En brasage sélectif, une grande attention est accordée aux paramètres machine tels que le choix de la buse, la vitesse de brasage et le préchauffage. Mais le flux et l’alliage de brasure jouent également un rôle déterminant dans la fenêtre de processus.

Le flux doit éliminer les oxydes et favoriser le mouillage, tout en étant appliqué de manière très localisée. L’alliage de brasure doit permettre un transfert thermique suffisant pour obtenir un bon remplissage des trous, tout en limitant la charge thermique imposée au PCB et aux composants.

Le choix de la chimie ne peut donc pas être dissocié du processus. Le PCB, le composant, la masse thermique, l’application du flux, la température de brasage et le temps de cycle souhaité doivent être considérés ensemble.

Quel est le rôle du flux en brasage sélectif ?

Le flux prépare les surfaces à braser avant leur contact avec la brasure liquide. Ses composants actifs aident à éliminer les oxydes afin de permettre à la brasure de mouiller correctement les surfaces métalliques.

Pour les connexions traversantes, cette action ne doit pas se limiter à la face inférieure du PCB. Une quantité suffisante de flux doit également pénétrer dans l’espace entre la broche du composant et le trou métallisé.

La manière dont le flux se répartit est donc importante.

En brasage sélectif, le flux est généralement appliqué localement, par exemple à l’aide d’un microjet. Il est ainsi possible de cibler précisément la zone souhaitée sans appliquer du flux sur toute la face inférieure du PCB.

Cette application locale impose toutefois des exigences spécifiques au flux.

Peut-on utiliser le même flux pour le brasage à la vague et le brasage sélectif ?

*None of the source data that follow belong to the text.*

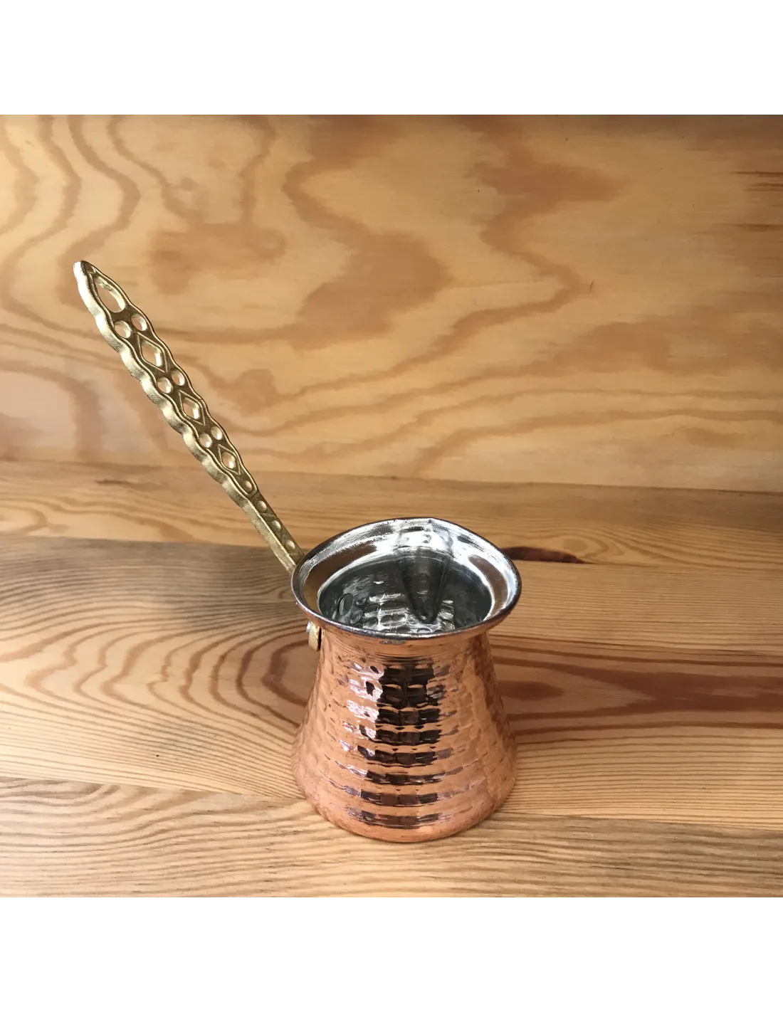 Kézzel készített réz dzsámi egyenesen a török vidékről. A jeezvát hagyományos kézműves módszerrel kalapálják.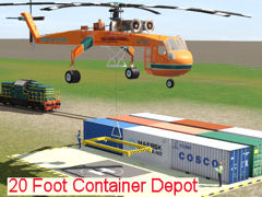 An airport dropping off point for loading and unloading container products to the helicopters. It has two fixed invisible tracks for a train and helicopter like the Erickson Sky Crane, kuid2:60238:8082:1 to use.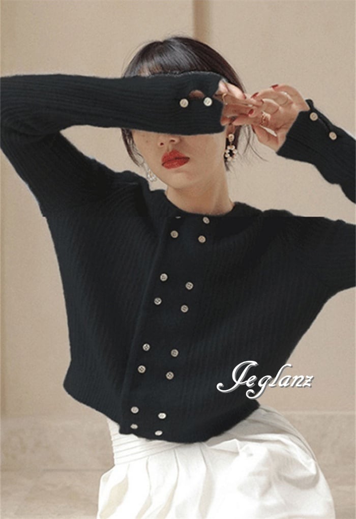 9色 ニット カーディガン ボタン トリム きれいめ シンプル派 ♪(M4660)σ,ς*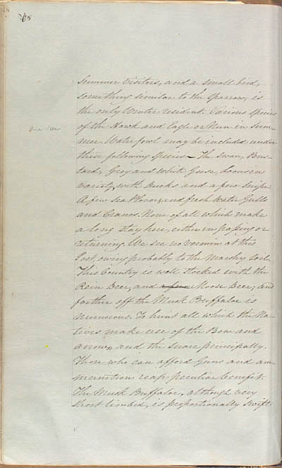Keith, George. An Account of Mackenzie River (Letters to Roderick Mackenzie), 1807-1817. An electronic transcription. MFTP #0033 68 Summer visitors, and a small bird, something similar to the Sparrow, is the only Winter resident. Various Species of the Hawk and Eagle or Nun in Summer. Water fowl may be included under these following Species – The Swan, Bustard, Grey and white Geese, Loons in variety, with Ducks and a few Snipe. A few Sea Plover and fresh water Gulls and Cranes. None of all which make a long stay here, either in passing or returning. We see no vermin at this Post, owing probably to the marshy Soil. This Country is well stocked with the Rein Deer, and a few Moose Deer; and farther off the Musk Buffaloe is numerous. To hunt all which the Natives make use of the Bow and arrows, and the snare principally. Those who can afford Guns and ammunition reap peculiar benefit. The Musk Buffaloe, although very short limbed, is proportionally swift [68] L E G E N D : |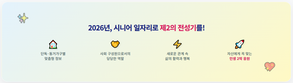 2026년, 당신의 제2 인생 시작! 노인 일자리, 단독/동거 가구 맞춤형으로 찾아드립니다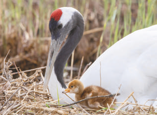 5月14日,在黑龙江扎龙国家级自然保护区,丹顶鹤雏鸟在亲鸟旁边玩耍。近日,黑龙江扎龙国家级自然保护区人工散养丹顶鹤迎来了繁育季,这里人工散养的丹顶鹤“夫妻”们“添丁进口”。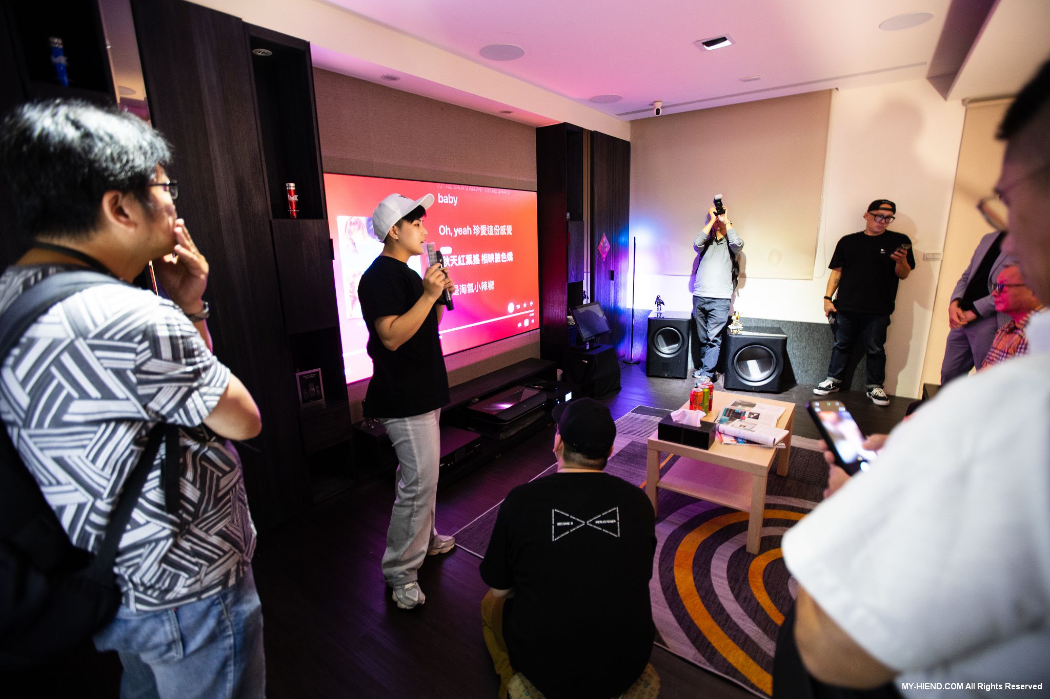 此為家庭娛樂中心的情境模擬,利用崁入式喇叭、吸頂式喇叭來打造隱藏與環境之中的多功能娛樂空間、可以在此與親朋好友歡唱KTV,看電視、看電影,配合情境燈光更有氛圍。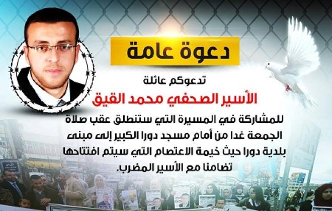 دعت عائلة الصحفي الأسير المضرب عن الطعام داخل سجون الاحتلال الاسرائيلي محمد القيق، جماهير مدينة الخليل المحتلة وقراها المجاورة، للمشاركة الواسعة في المسيرة التضامنية مع نجلها، والتي ستنطلق ظهر الجمعة.

Un flux adapté au brasage à la vague peut, dans certains cas, également être utilisé en brasage sélectif. Cela ne signifie toutefois pas que tous les flux destinés au brasage à la vague constituent automatiquement un bon choix.

Les conditions de processus sont différentes.

En brasage à la vague, une zone plus importante est généralement recouverte de flux avant de passer sur la vague de brasure. En brasage sélectif, le flux est appliqué beaucoup plus localement et seules certaines zones entrent en contact avec la brasure liquide.

Des résidus de flux peuvent donc rester en dehors de la zone effectivement brasée. La quantité de flux et l’endroit où il est appliqué méritent dès lors une attention particulière.

La compatibilité avec le système d’application du flux joue également un rôle. Un flux qui fonctionne correctement dans un processus de brasage donné n’est pas automatiquement optimal pour une application par microjet.

La question n’est donc pas uniquement de savoir si un flux permet un bon brasage, mais aussi s’il convient à la manière dont il est appliqué.

Flux à base d’alcool ou à base d’eau ?

Le solvant utilisé est un critère important dans le choix d’un flux.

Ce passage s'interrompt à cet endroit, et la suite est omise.